As I have said in earlier posts, I couldn’t see boycotting the Olympics because, as horrible as the Darfur situation is, I am convinced there will always be a similar situation each and every Olympic year until world’s end.
That’s not exactly a ringing endorsement of human nature, I do realize, but I think it’s honest. If the Olympics are used each and every time as the preferred global platform from which to launch an international protest/boycott then we may as well cancel all future Olympics because four years from now there will be another equally gruesome, equally deserving atrocity occurring somewhere else in the world with a connection to the Olympics. And then again in 2016. And in 2020. 2024. 2028…

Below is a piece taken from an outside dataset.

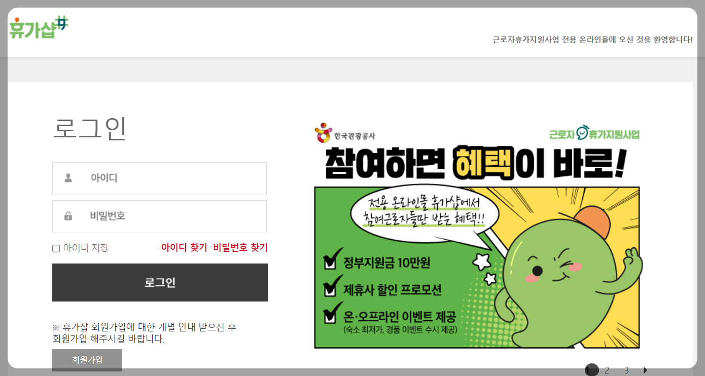 ν΄κ°μ΅μ κ·Όλ‘μ μ¬νκ²½λΉ μ§μμ¬μ μ°Έμ¬ κ·Όλ‘μλ§ μ΄μ©ν μ μλ μ μ© μ¨λΌμΈλͺ°μ΄μμ. μ΄ νμλͺ°μμλ μλ°, κ΄κ΄, κ΅ν΅, ν¨ν€μ§ μ¬ν λ± 20λ§μ¬ κ°μ κ΅λ΄ μ¬ν μνμ μ 곡ν©λλ€.

Matter of fact, there are other gruesome situations going on right now that aren’t receiving quite the same level of coverage as Darfur because – and I’m guessing – of a lack of connection to the Olympics. One good example is Zimbabwe, which happens to be another African country also currently going through hell. That’s not to say that the swiftly deteriorating situation occurring in Zimbabwe has not been covered (otherwise how would I know about it?) but the coverage of Zimbabwe’s freefall destruction pales in comparison to Darfur. And let me say that I prefer not to get into the argument of which African country is suffering the most because when you reach the level of suffering experienced by the residents of Zimbabwe and Darfur, it is truly senseless to begin drawing distinctions as to which one is better off. The suffering must stop is the only sane answer.

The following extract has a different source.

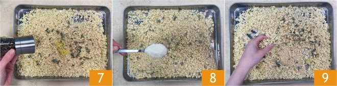 Season with pepper 7 and grated cheese 8, then mix everything well 9.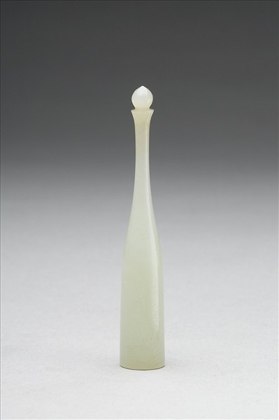 玉質,淺湖綠近白色。長圓柱形,上小下大,頭尖端琢作小圓桃形。

But I’m willing to believe that if the Chinese government had the same level of connection to Zimbabwe as it does to Darfur, then we would be hearing considerably more about that situation, and there would most likely be a Team Zimbabwe as well. No, I am not belittling what Team Darfur is doing in the slightest. I have major respect for their efforts and accomplishments. Rather, what I am saying is that sometimes we have to step back and realize that possibly there is a better, more equitable way to choose where and upon whom to shine our Spotlight of Atrocity.

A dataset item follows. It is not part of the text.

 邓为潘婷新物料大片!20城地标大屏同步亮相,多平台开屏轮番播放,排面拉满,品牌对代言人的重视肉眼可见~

I’m rambling a bit. Well, maybe more than a bit. So without going on and on, I’ll just say that while I do support the protests of the China/Darfur Olympics, and the reasons for those protests, I would hope that we would all continually keep an equal focus on those areas of disaster in our world that may not necessarily have the benefit of being somehow tied to a well-publicized global mega-event. It is considerably harder to keep those areas of crises in the news and on the front burner, but it is no less critical.
As for those who have read this far still wondering when I was going to say whether or not I am watching the Olympics, the answer is yes I am watching the Olympics. Because in the midst of it all, the ability of athletes around the globe to be able to compete not only country against country but, much more importantly, person against person, still represents an ideal worth upholding, even when that olympic ideal is sometimes held captive by the very forces it purports to rise above.
Maybe that’s naive, but that’s just my two cents.